Scarlet Scrivener said:


> ... and this has been said before. But, I'll say it, again. The PayPal rules are not being applied evenly, but selectively.


I never said they were. Nor do I think it's reasonable that they should be.

You think all erotic titles should all be held to the same standard because they all contain similar content. Unfortunately that's not the way it works in the real world. The traditionally-published erotica writers of the world have an advantage because they have actual businesses standing behind their books. Paypal and other payment companies can be sure that [non-indie publisher] had their books rubber-stamped by their in-house legal teams (or at the very least someone who is not the author and is willing to stake their paycheck on the book in the case of smaller publishers) and even if it still ticks somebody off/is offensive/turns out to be fake, those publishers have PR teams that can take most of the heat. See: James Frey, Kaavya Viswanathan, JT Leroy etc.

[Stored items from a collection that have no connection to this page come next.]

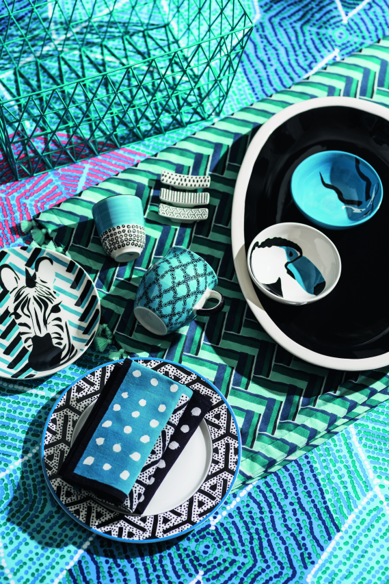 Des terres immenses et inconnues, un voyage exotique, grandeur nature… L’Afrique et ses tissus géométriques, ses couleurs vivantes, ses signes graphiques rencontrent des lignes à l’épure italienne.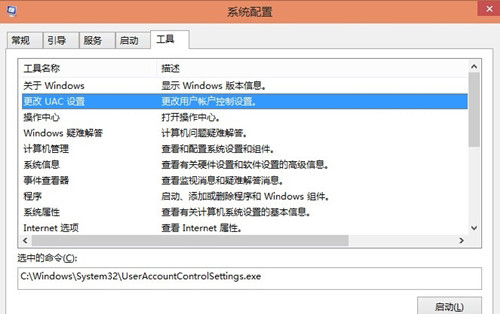 2、进入“系统配置”窗口后,我们很清楚的看到“更改UAC设置”,我们选择后再点击右下角的“启动”按钮。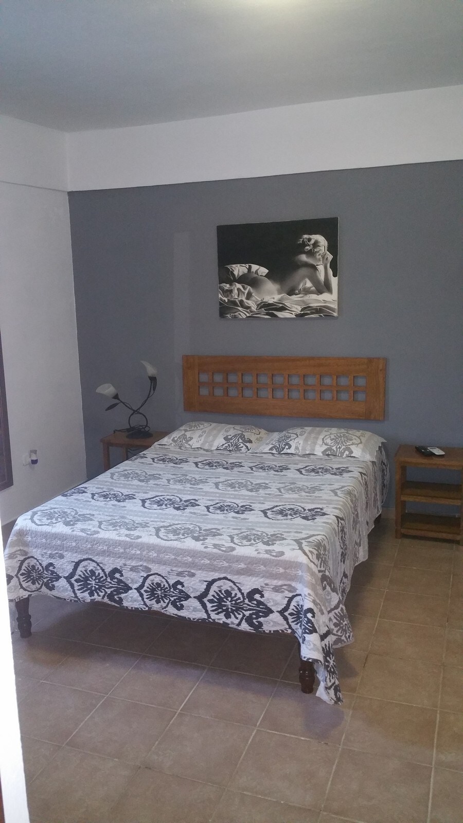 Es un apartamenento independiente amplio. Con un dormitorio con dos camas, (una grande y otra más pequeña), aire acondicionado, caja fuerte, perchas para la ropa y televisor. Un baño con agua fría y caliente; cocina equipada con todo para la elaboración de alimentos (microondas, cafetera, tostadora, ollas, fogón de gas, refrigerador), una pequeña mesa plegable y tres taburetes para comer, uso de la lavadora. Una terraza común rodeada de plantas con sillones, mesa y sillas y un hermoso jardín.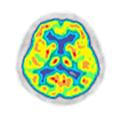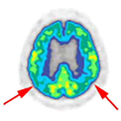 側頭頭頂葉連合野の代謝低下が見られます。ブドウ糖の取込の度合いが記憶や理解力に関係する部位で低下するのがこの病気の特徴です。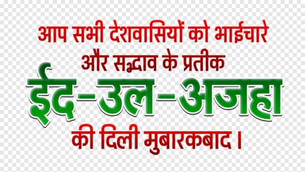 Tags: Bakra Eid Eid Mubarak Eid-ul-Adha Hindi greeting India Islamic festival Mubarak Muslim holiday brotherhood celebration digital greeting festival wishes green text greetings harmony red text social media text graphic transparent PNG wishes

And when offended customers return those books en masse, the bookstores can return them to the distributors, and the distributors can return them to publishers. And everyone along the chain feels assured that the publishers are solvent enough (and have the insurance necessary) to absorb all those chargebacks without going broke because they already spent all the money on rent and a retainer for their kid.

Indie authors don't come with this guarantee. Compare a book like Lolita which is eternally controversial to the Amazon pedophilia scandal. Amazon took all the heat on that and for what? $0.0x in revenue on each copy sold. They had no copyright and no guarantee of exclusivity on the title. Should they have tarnished their image to protect a book that could have been removed at any time at the author's whim? Authors in this thread seem to be suggesting that profit-seeking businesses should take on all the social and economic risks just because. Paypal should bend over backwards and continue to service a high-fraud sector because that makes life easier for authors, in spite of the fact that (based on the responses here) most of the authors in question are either indifferent or highly averse to Paypal.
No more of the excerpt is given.